Editing Skin
Editing skin is important if you don't want all of your subjects to look old, weird, or dead. Also, fixing up the skin is important before you put the image into a graphic for obvious reasons.
There are many ways to edit the skin beyond what I have here, because some pictures will have different skin problems than the one that I am editing. I chose a picture of Uma Thurman where the quality isn't all that great and she looks like she has age spots. We'll have those all fixed, don't worry.
Click any image to enlarge it.
- I started out with the usual - put the picture into a 1000x1000 px file, with the Contents set to Transparent and at whatever resolution the picture is (if you copy the picture from Microsoft Paint and immediately open a new document in Photoshop, it will provide you with the resolution and the size of the image.) After that, just paste the image in, duplicate the layer, and you're ready to work.
- With her, I started by increasing the brightness and contrast of the picture since it was extremely dull. Make a practice of doing this with all your photos because they always look a lot better when you brighten them up.

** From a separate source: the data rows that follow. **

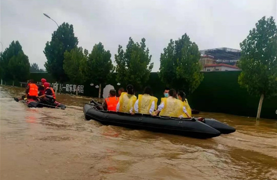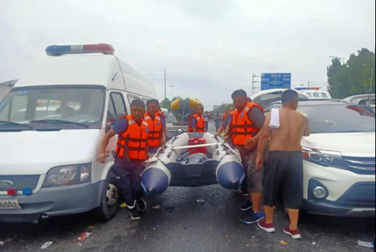 7月20日,河南省遭遇极端强降雨,郑州因暴雨引发险情。一方有难,八方支援。危难时刻,中志协应急委发布紧急救援通知,组织各省市县救援队投入抢险救援工作,梁山大义救援队自愿请缨作战,组织第一批救援队,7月21日18时,首批10名队员(宋桂金、郭刘占、尚清敏、关广明、李同福、闫化军、张思蕊、赵洪金、陈中荣、李兆焱)出动救援车辆三辆,携冲锋舟、船外机、发电机、救援绳索、弥雾机两台、担架两幅、伸缩梯、救生圈、救生衣和急流救援装备,星夜驰援郑州。
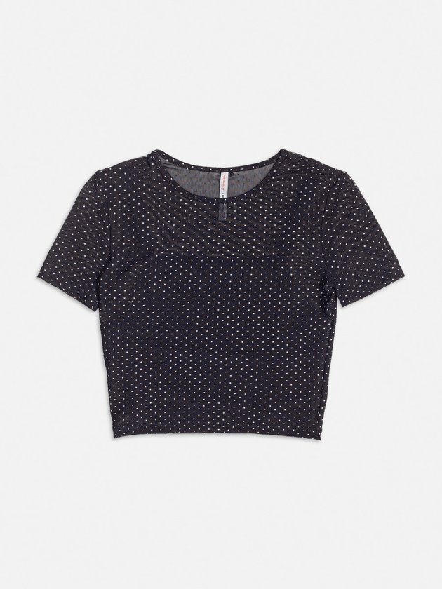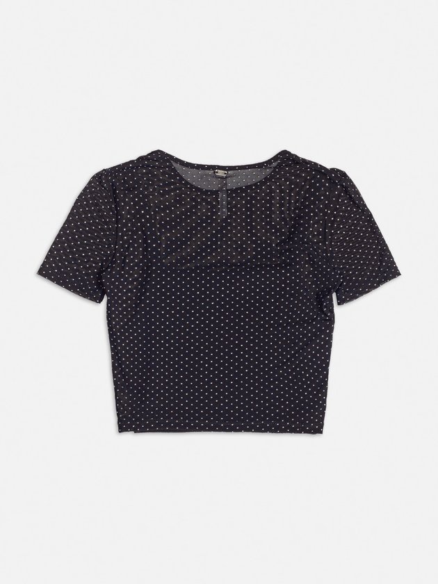 Chique e sofisticado, este top de tule preto é perfeito para combinar com diversas peças, oferecendo um toque de elegância e mistério ao seu look.
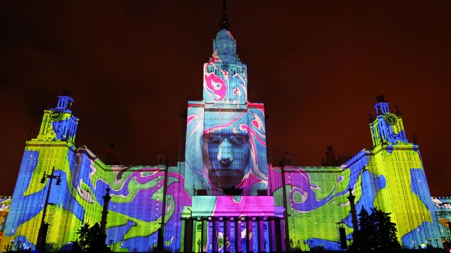 На фасаде главного здания МГУ на Воробьёвых горах устроили настоящий спектакль. Высотка буквально ожила с помощью динамичных изображений красного, голубого, белого,
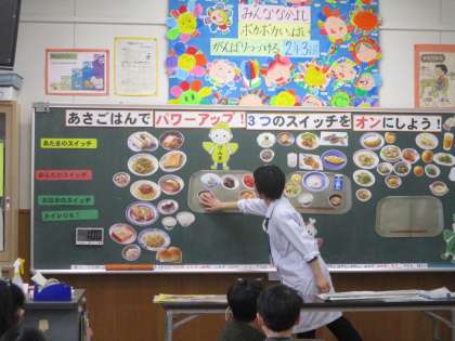 栄養職員の先生に、朝食の大切さについて授業をしていただきました。

- Next, I duplicated the layer (make a practice of this) and grabbed the Smudge tool. Make sure you have the opacity set to 20% or lower. Otherwise, you are just going to be smudging her face around. The brush I use has the Hardness set to 0. Make sure that you don't make the brush size too big or small - just enough to smooth away shadows.
- Start by smoothing the face in areas where it is pixilated or the shadows are odd. This picture of Uma has some weird shadows on her cheek, so I took care of those. Make sure you are careful about the forehead. Remember - people do not have flat foreheads, so don't smooth everything together too much. Mostly, you just want to weed out rough edges and pixilation.
- Try not to mess around too much with creases around the mouth - those are natural. Also, don't forget about the ears and neck, and be careful around the nose.
- Use a smaller brush size when dealing with the eyelid and around the eyebrows.
- After I did that, I zoomed in even more so I could see both eyes and started to remove the bags under her eyes. Start from the outer edge of the eye and smudge toward the inner corner, and make sure that you aren't messing up too many shadows. Do this for both eyes.
- At this point, you might want to zoom out and check to make sure that you didn't make the person look stupid or airbrushed. Trust me, it happens.
- Now is the time to make sure the skin is even all the same color. Use the eyedropper tool to select a nice color skin tone in a patch of skin somewhere (make sure it is generally a medium color - not too yellow and not too red, or any other color, depending on the picture.)
- PIck up the airbrush tool, set the Hardness to 0 and the brush to a reasonable size. The Opacity of the brush needs to be at or below 10% because you don't want to make the even skin tone overpowering, and it helps if you make a mistake. Zoom all the way in on the skin, select Hue from the Brush "Mode" drop-down box, and start glossing over areas of the skin that are not the same color.
- You might have noticed that Uma's face had a few red/pink patches that showed up even after I smoothed out her skin. Making it the same color does not leave her with the appearance of sunburn.
- After you are satisfied that the skin is the same color, zoom back out and pinpoint any changes you would like to make. It was at this time that I straightened out her eyebrow and cleaned up her hairline a bit.
- Then, your picture is ready for a graphic!